[DATA SHOWN]
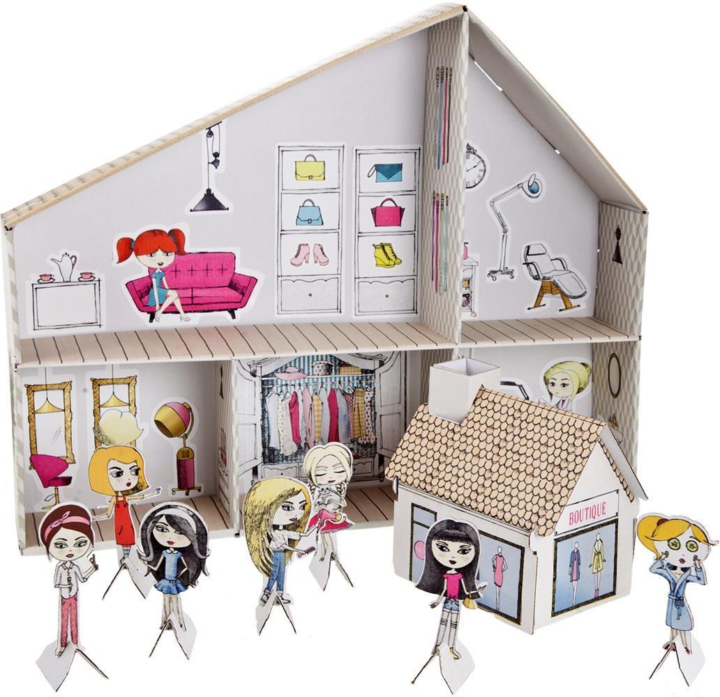 Która dziewczynka nie chciałaby mieć własnego salonu piękności i butiku? Przecież to miejsce zarezerwowane dla dorosłych, owiane tajemnicą i magią;-) Oto salon dla małych dam, które chciałyby spróbować zabawy we właściciela lub klientkę salonu piękności. Dla wybrednych klientek przygotowano również butik tuż obok, gdzie można zakupić niezbędne akcesoria dla uzupełnienia całości. Taka zabawka to również zabawka edukacyjna, która uczy nie tylko kreatywnego dekorowania, ale i ról społecznych, obejścia w towarzystwie. To świetna zabawka również do zabawy dla kilku dzieci. W skład kartonu wchodzą: -kartonowy salon piękności z kolorowym nadrukiem z zewnątrz -7 figurek -butik - mniejszy domek z kartonu -naklejki do obklejenia 5 pomieszczeń Zestaw dostarczy kreatywnej zabawy już od momentu jego składania. Prosta instrukcja obrazkowa umieszczona jest na opakowaniu. W środku pomieszczenia można obkleić lub pokolorować według własnego pomysłu. Wiek: 3+ Wymiary: 54 x 43 x 10cm
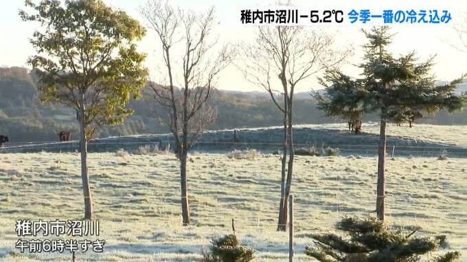 14日朝の北海道は、北部など半数以上の地点で最低気温を更新し、この秋一番の寒さになりました。早朝の牧草地に霜が降り、一面に銀世界が広がっています。14日朝、道内の最低気温は稚内市沼川でマイナス5.2℃、オ…
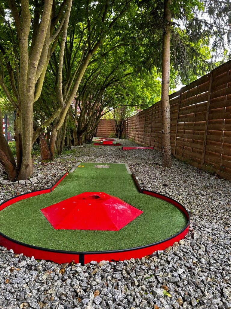 Minigolf pod klonami to świetna atrakcja na świeżym powietrzu w Zielonej Górze – świetna dla rodzin, par i grup przyjaciół. Na malowniczym terenie w cieniu drzew czeka 18 torów minigolfa, profesjonalne kije i piłeczki dopasowane do wzrostu graczy oraz luźna, przyjazna atmosfera. Gra jest łatwa do opanowania, więc świetnie sprawdza się zarówno dla dzieci, jak i dorosłych – nie wymaga specjalnych umiejętności ani kondycji.
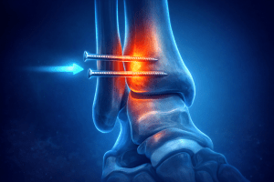 A syndesmosis injury happens when the two lower leg bones — the tibia and fibula — get pulled apart slightly due to an impact, torque, or misstep.
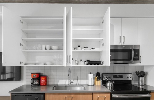 🍳 Kitchen: Cook with ease in a modern kitchen equipped with stainless appliances, ample counter space, cookware, and a coffee maker for your morning brew. Perfect for everything from quick breakfasts to full dinners.
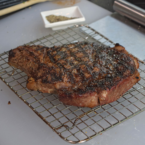 | As always, I rest our steaks on a cooling rack - a trick I learned from Rouxbe.com. Putting hot meat on a flat surface traps heat and steams the fibers, causing more loss of juices. This prevents that. I tried it side by side once and was convinced. |
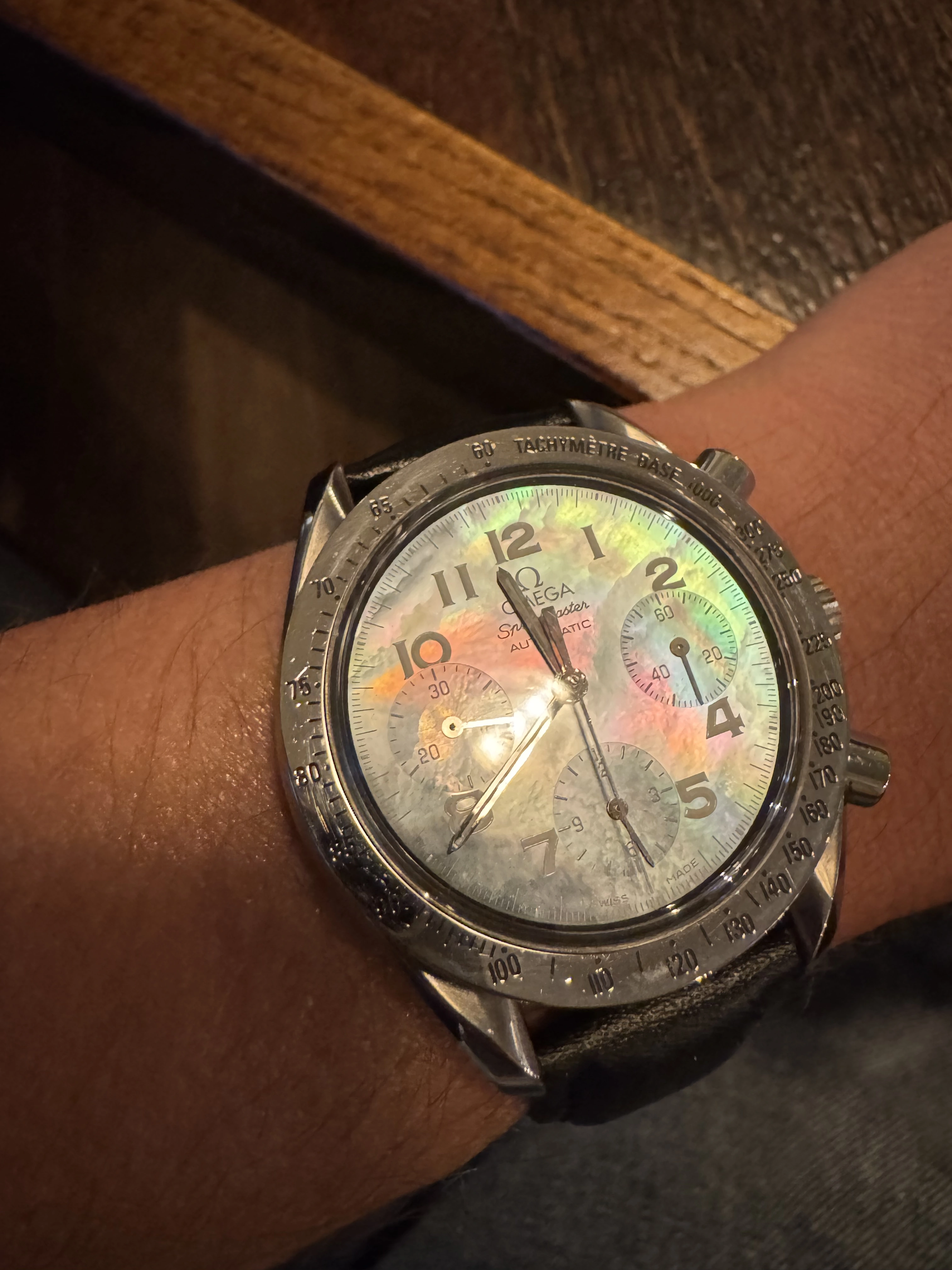 What do we think? A fairly rare bird not being a popular watch at the time of production with few sold. It catches the light in the most stunning way, with flashes of light blue, deep blue and pink. I’m thrilled with it. It won’t be for everyone of course, being a reduced and a striking one to boot.
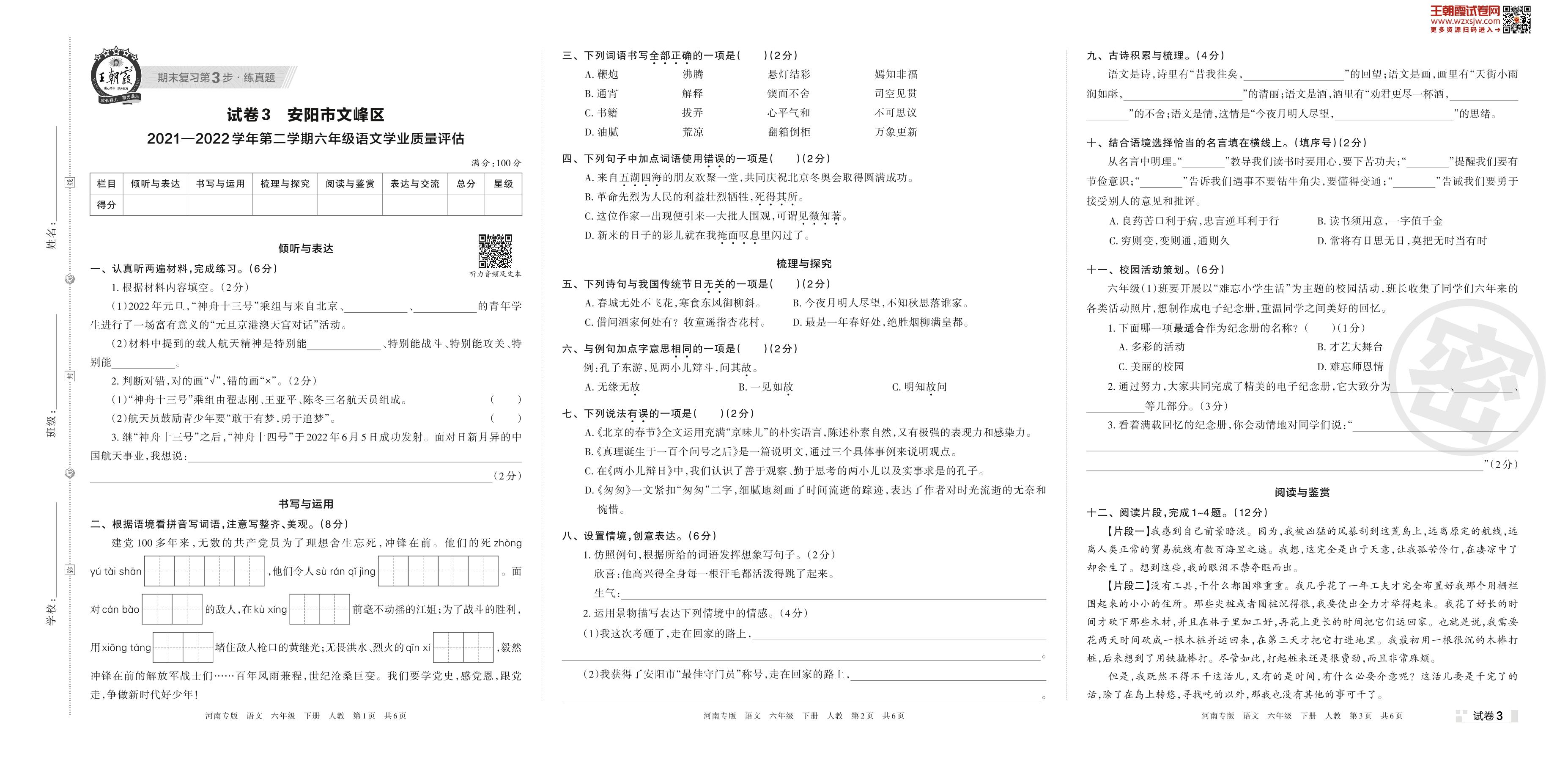 安阳市文峰区2021—2022学年第二学期六年级语文学业质量评估六年级下册语文(人教版)【3】
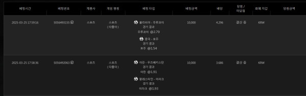 각각 2폴 배팅
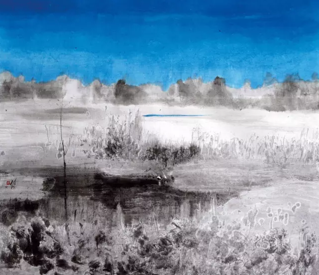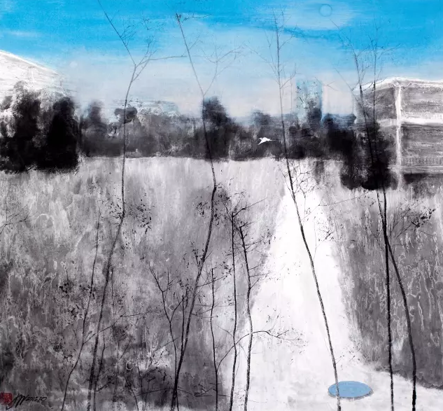 复杂的事情简单化,简单的事情复杂化是绘画艺术中的辨证法。米氏的草平面中复杂无比,细看则无一草;米氏的天空清澈透明,细看则丰富无常;米氏之水天上来、落地一镜映人间。这些水墨的境界是传统水墨中不可想像的,当新的笔墨手段已经承裁起了中国传统水墨中的文人化情怀,其画中的水韵墨趣诗情画意已经跃然纸上。题诗写跋就显得很无趣了!故米氏作品中大都无题诗写赋之类。
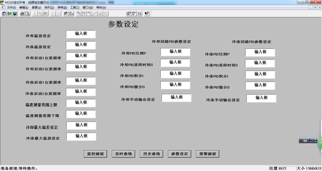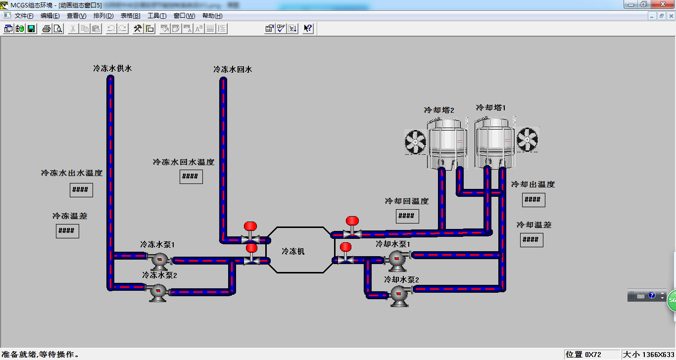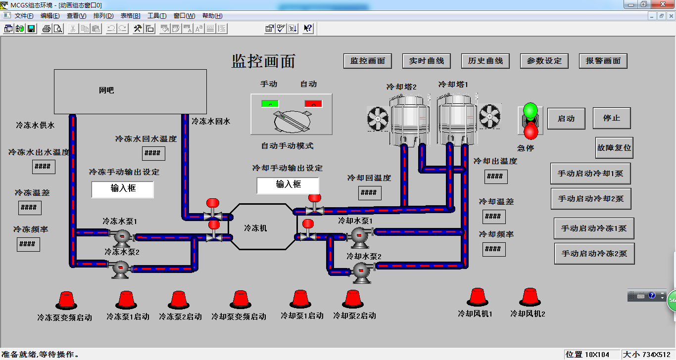 网吧中央空调变频节能控制系统示意图如图2-1所示,采用一台变频器驱动2台冷冻泵变频运行将冷冻水供网吧,然后变热的水返回冷冻机组,进行冷却。采用一台变频器驱动2台冷却水泵,供热水入冷却塔,经2台冷却塔冷却后返回,将冷冻水进行降温。采用传感器分别检测冷冻水出水和回水温度,检测冷却水出水和回水温度。计算冷冻水回水和出水温差,计算冷却水出水和回水温差。根据设定的冷冻水温差,比较计算温差,并且根据变频器输出,比较启动启动1台冷冻频率,启动2台冷冻频率,控制冷冻泵运行和运行台数。同样的,根据设定的冷却水温差,比较计算的冷却温差,并且根据冷却变频器输出,比较启动启动1台冷却频率,启动2台冷却频率,控制冷却泵运行、冷却风机运行和冷却泵运行、冷却风机运行台数。
[/DATA SHOWN]
> [WHAT IS EXPECTED]:
Verbatim copy, pictures excluded: output the lines from the first line of the records above through the line containing "14日朝の北海道は、北部など".

> [ANSWER AREA]:
 Która dziewczynka nie chciałaby mieć własnego salonu piękności i butiku? Przecież to miejsce zarezerwowane dla dorosłych, owiane tajemnicą i magią;-) Oto salon dla małych dam, które chciałyby spróbować zabawy we właściciela lub klientkę salonu piękności. Dla wybrednych klientek przygotowano również butik tuż obok, gdzie można zakupić niezbędne akcesoria dla uzupełnienia całości. Taka zabawka to również zabawka edukacyjna, która uczy nie tylko kreatywnego dekorowania, ale i ról społecznych, obejścia w towarzystwie. To świetna zabawka również do zabawy dla kilku dzieci. W skład kartonu wchodzą: -kartonowy salon piękności z kolorowym nadrukiem z zewnątrz -7 figurek -butik - mniejszy domek z kartonu -naklejki do obklejenia 5 pomieszczeń Zestaw dostarczy kreatywnej zabawy już od momentu jego składania. Prosta instrukcja obrazkowa umieszczona jest na opakowaniu. W środku pomieszczenia można obkleić lub pokolorować według własnego pomysłu. Wiek: 3+ Wymiary: 54 x 43 x 10cm
 14日朝の北海道は、北部など半数以上の地点で最低気温を更新し、この秋一番の寒さになりました。早朝の牧草地に霜が降り、一面に銀世界が広がっています。14日朝、道内の最低気温は稚内市沼川でマイナス5.2℃、オ…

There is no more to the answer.